= Suurballe's algorithm =

Algorithm for two disjoint paths in a graph

In theoretical computer science and network routing, Suurballe's algorithm is an algorithm for finding two disjoint paths in a nonnegatively-weighted directed graph, so that both paths connect the same pair of vertices and have minimum total length. The algorithm was conceived by John W. Suurballe and published in 1974. The main idea of Suurballe's algorithm is to use Dijkstra's algorithm to find one path, to modify the weights of the graph edges, and then to run Dijkstra's algorithm a second time. The output of the algorithm is formed by combining these two paths, discarding edges that are traversed in opposite directions by the paths, and using the remaining edges to form the two paths to return as the output.
The modification to the weights is similar to the weight modification in Johnson's algorithm, and preserves the non-negativity of the weights while allowing the second instance of Dijkstra's algorithm to find the correct second path.
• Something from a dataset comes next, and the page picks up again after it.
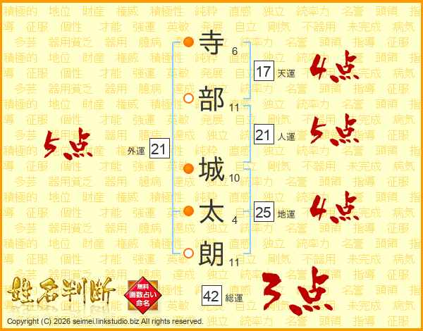 寺部城太朗さんの人運は21画の5点!
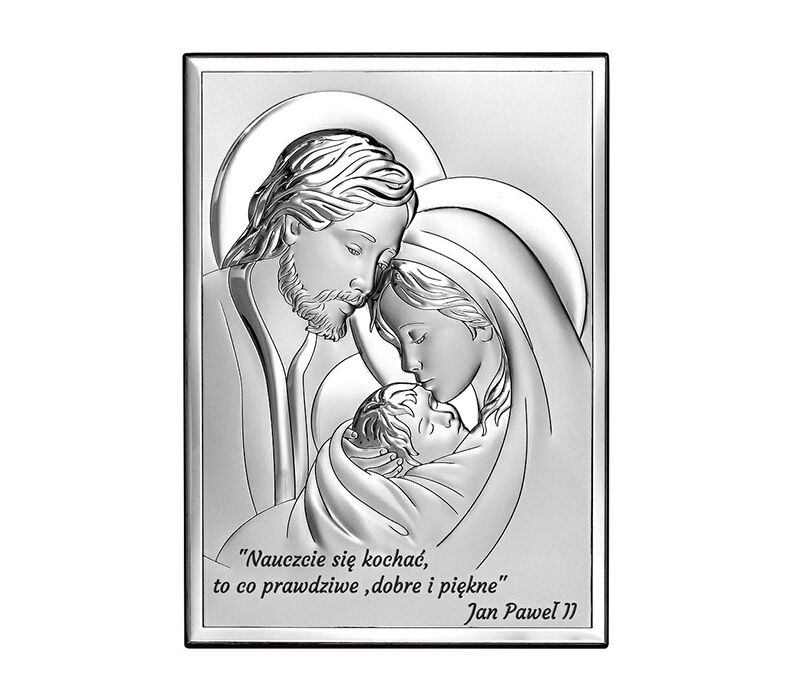 • Srebrny obrazek przedstawiający Świętą Rodzinę - wyjątkowa pamiątka o symbolicznym znaczeniu. Delikatnie wykonany relief ukazuje relację łączącą Maryję, Józefa i Dzieciątko Jezus, tworząc ponadczasową symbolikę rodzinnych wartości. Całość dopełnia inspirujący cytat św. Jana Pawła II: „Nauczcie się kochać, to co prawdziwe, dobre i piękne”, który nadaje obrazkowi duchowy wymiar. Obraz doskonale sprawdzi się jako pamiątka ślubu, rocznicy małżeństwa, chrztu lub komunii, a także jako prezent dla bliskich na inne ważne okazje.

The problem of finding two disjoint paths of minimum weight can be seen as a special case of a minimum cost flow problem, where in this case there are two units of "flow" and nodes have unit "capacity". Suurballe's algorithm, also, can be seen as a special case of a minimum cost flow algorithm that repeatedly pushes the maximum possible amount of flow along a shortest augmenting path.
The first path found by Suurballe's algorithm is the shortest augmenting path for the initial (zero) flow, and the second path found by Suurballe's algorithm is the shortest augmenting path for the residual graph left after pushing one unit of flow along the first path.

==Definitions==
Let G be a weighted directed graph with vertex set V and edge set E (figure A); let s be a designated source vertex in G, and let t be a designated destination vertex. Let each edge (u,v) in E, from vertex u to vertex v, have a non-negative cost w(u,v).

Define d(s,u) to be the cost of the shortest path to vertex u from vertex s in the shortest path tree rooted at s (figure C).

Note: Node and Vertex are often used interchangeably.

==Algorithm==
Suurballe's algorithm performs the following steps:
1. Find the shortest path tree T rooted at node s by running Dijkstra's algorithm (figure C). This tree contains for every vertex u, a shortest path from s to u. Let P_{1} be the shortest cost path from s to t (figure B). The edges in T are called tree edges and the remaining edges (the edges missing from figure C) are called non-tree edges.
2. Modify the cost of each edge in the graph by replacing the cost w(u,v) of every edge (u,v) by w′(u,v) = w(u,v) − d(s,v) + d(s,u). According to the resulting modified cost function, all tree edges have a cost of 0, and non-tree edges have a non-negative cost. For example:
 If u=B, v=E, then w′(u,v) = w(B,E) − d(A,E) + d(A,B) = 2 − 3 + 1 = 0
 If u=E, v=B, then w′(u,v) = w(E,B) − d(A,B) + d(A,E) = 2 − 1 + 3 = 4
1. Create a residual graph G_{t} formed from G by removing the edges of G on path P_{1} that are directed into s and then reverse the direction of the zero length edges along path P_{1} (figure D).
2. Find the shortest path P_{2} in the residual graph G_{t} by running Dijkstra's algorithm (figure E).
3. Discard the reversed edges of P_{2} from both paths. The remaining edges of P_{1} and P_{2} form a subgraph with two outgoing edges at s, two incoming edges at t, and one incoming and one outgoing edge at each remaining vertex. Therefore, this subgraph consists of two edge-disjoint paths from s to t and possibly some additional (zero-length) cycles. Return the two disjoint paths from the subgraph.

==Example==
The following example shows how Suurballe's algorithm finds the shortest pair of disjoint paths from A to F.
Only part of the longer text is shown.